I DROVE through Mytholmroyd after the flooding. Everywhere along the road the pavement was piled high with the ruined contents of people's houses. It was impossible not to feel for those whose lives had been so hugely disrupted.

The traffic was moving slowly and we had to be wary of the many people stood on corners and flitting across the road. These were the volunteers, mostly local, who had come to help out: wherever a task needed willing hands there were plenty on offer. In many places there were handwritten signs offering food and hot drinks to those who had been flooded and the volunteers.

In nearby Hebden Bridge many shops had been flooded, nearly all small businesses including two that I know very well. A friend texted me to say that his heart went out particularly to them as he knew what it was like to lose a small business.Driving through I felt a little ashamed at not being able to help.
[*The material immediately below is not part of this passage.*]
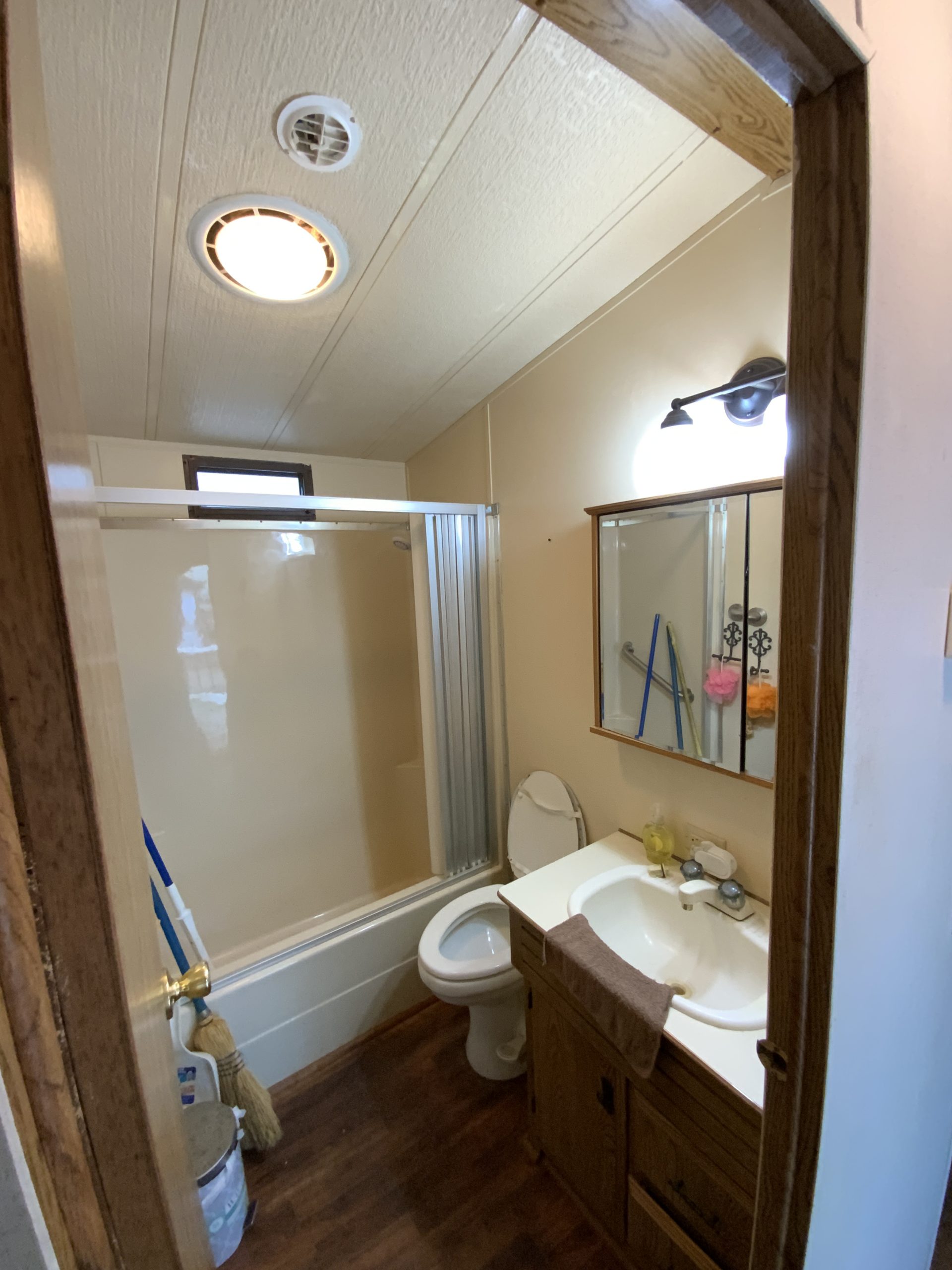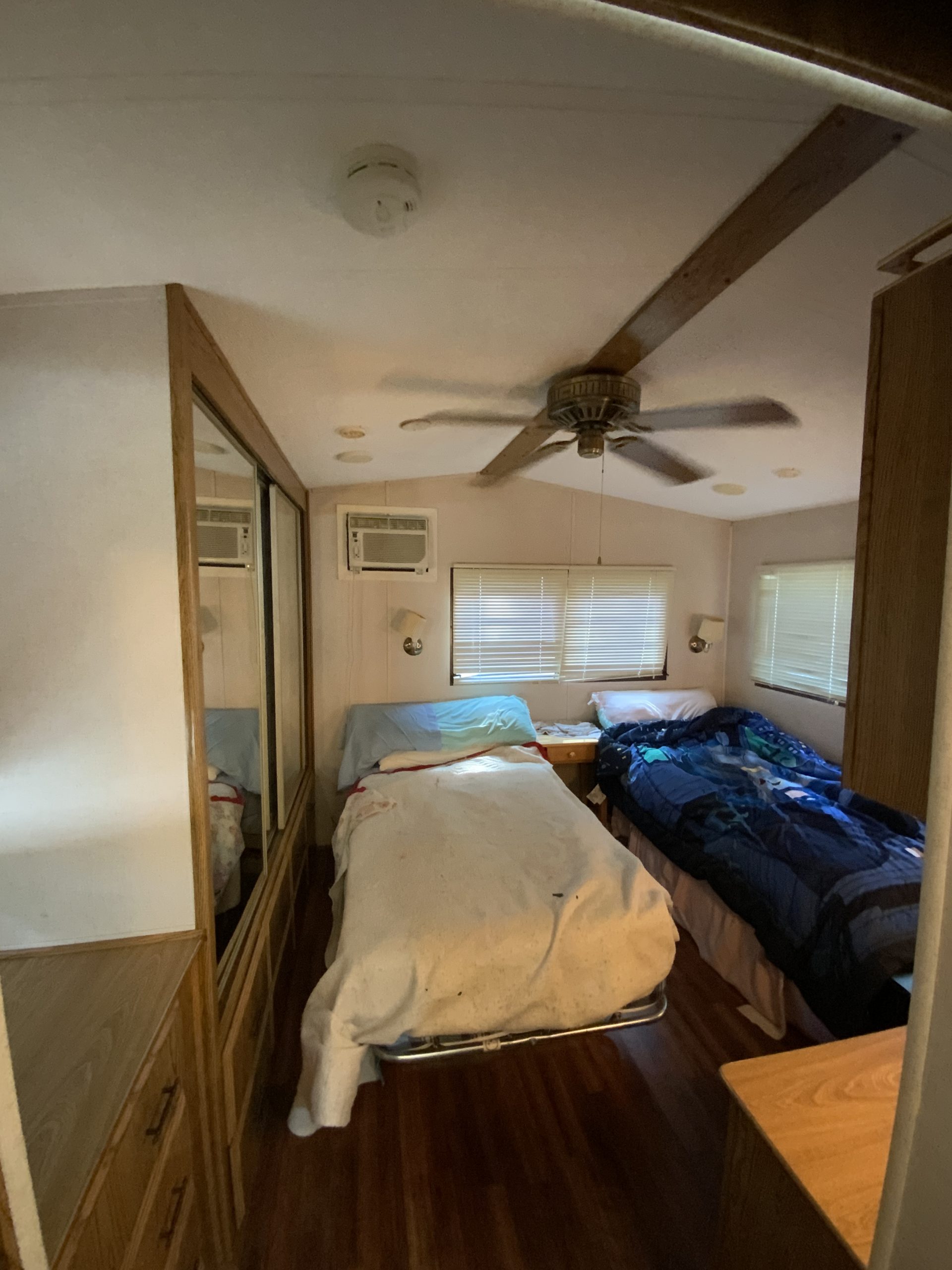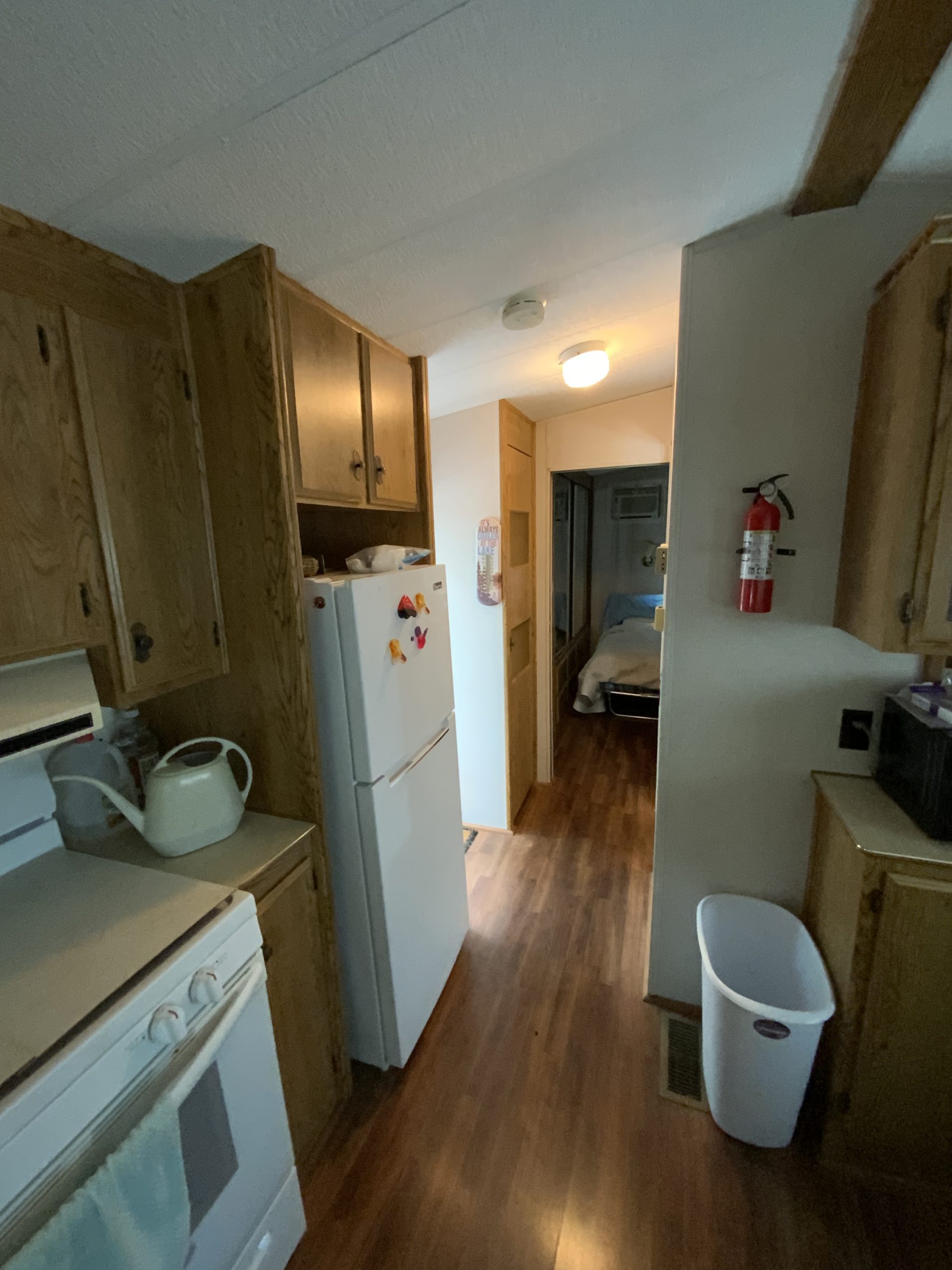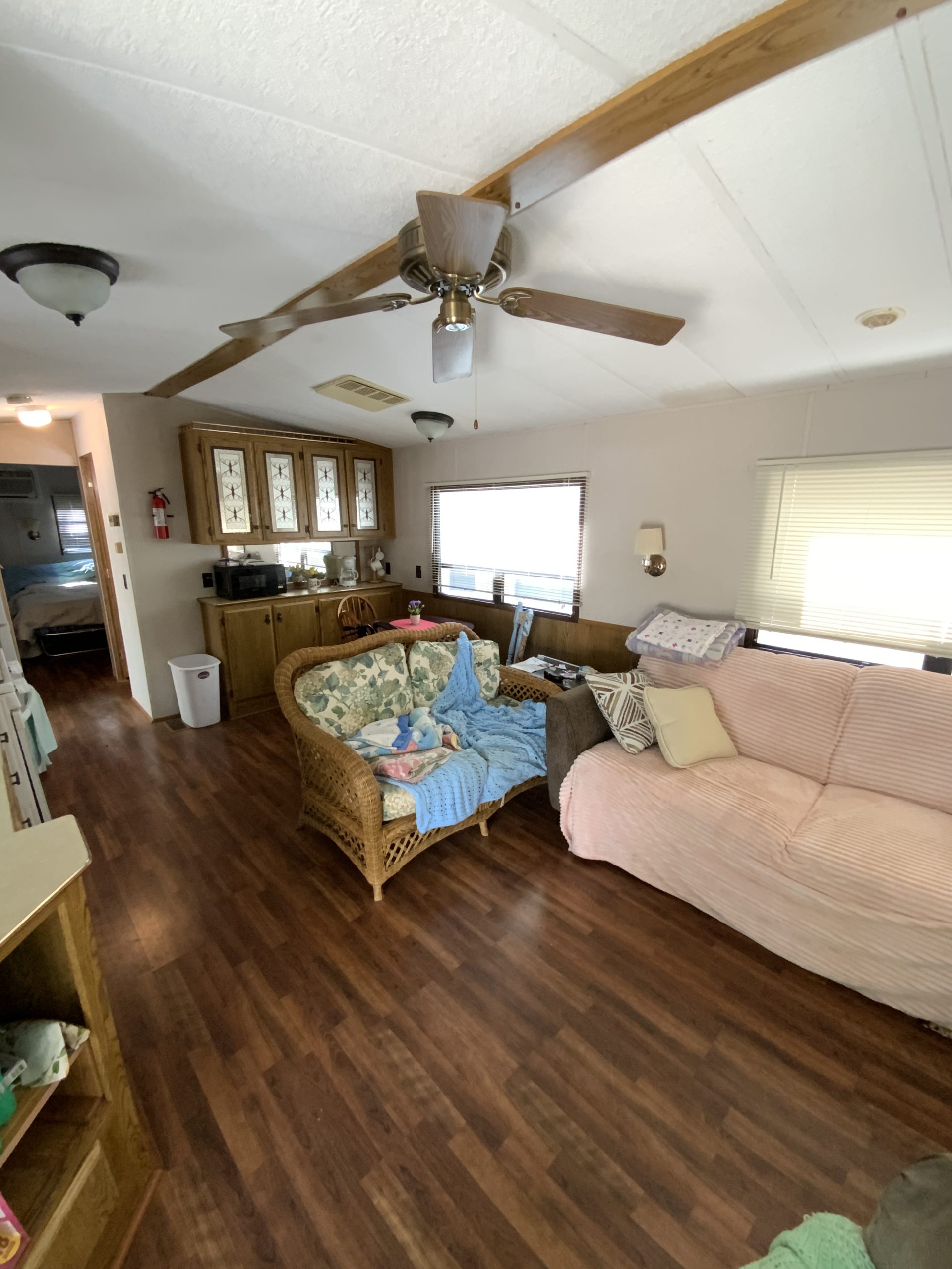 This 1993 Franklin Park model offers one bedroom and one bath in a single trailer setup. While it does not have a porch, it features a composite deck with vinyl railing for low-maintenance outdoor enjoyment.
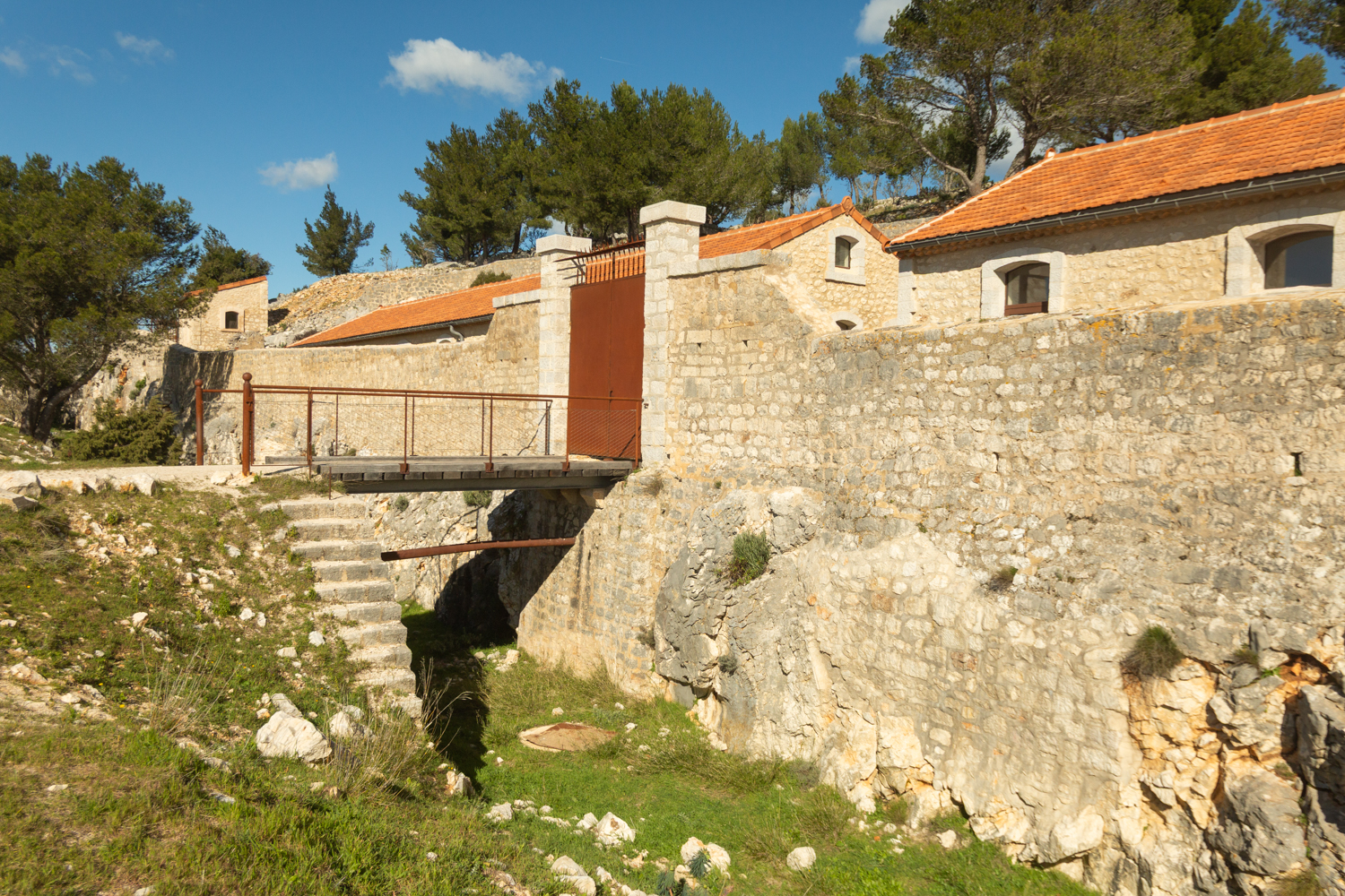 Implanté sur un relief stratégique, l’ouvrage bénéficiait d’un large champ de vision sur la Méditerranée et les axes terrestres. Comme d’autres fortifications de cette époque, il se caractérise par des constructions massives en maçonnerie, des casemates voûtées et des plateformes d’artillerie adaptées aux progrès de l’armement. Aujourd’hui intégré au paysage méditerranéen, envahi en partie par le maquis, il rappelle combien ces crêtes dominant la mer furent longtemps des points névralgiques pour la défense du littoral varois.

I watched a TV programme recently studying four year olds and seeing how they developed empathy: the ability to see yourself in someone else's place. It was easy to put myself in the position of those flooded in the Calder Valley, rather harder to feel so much for those affected by war and famine in far-flung corners of the world. But this is only really my lack of imagination - deep-down I know they are people like those in Mytholmroyd with feelings just like my own.

The parable of the Good Samaritan in the gospel is the reply to this same fundamental question: Who is my neighbour?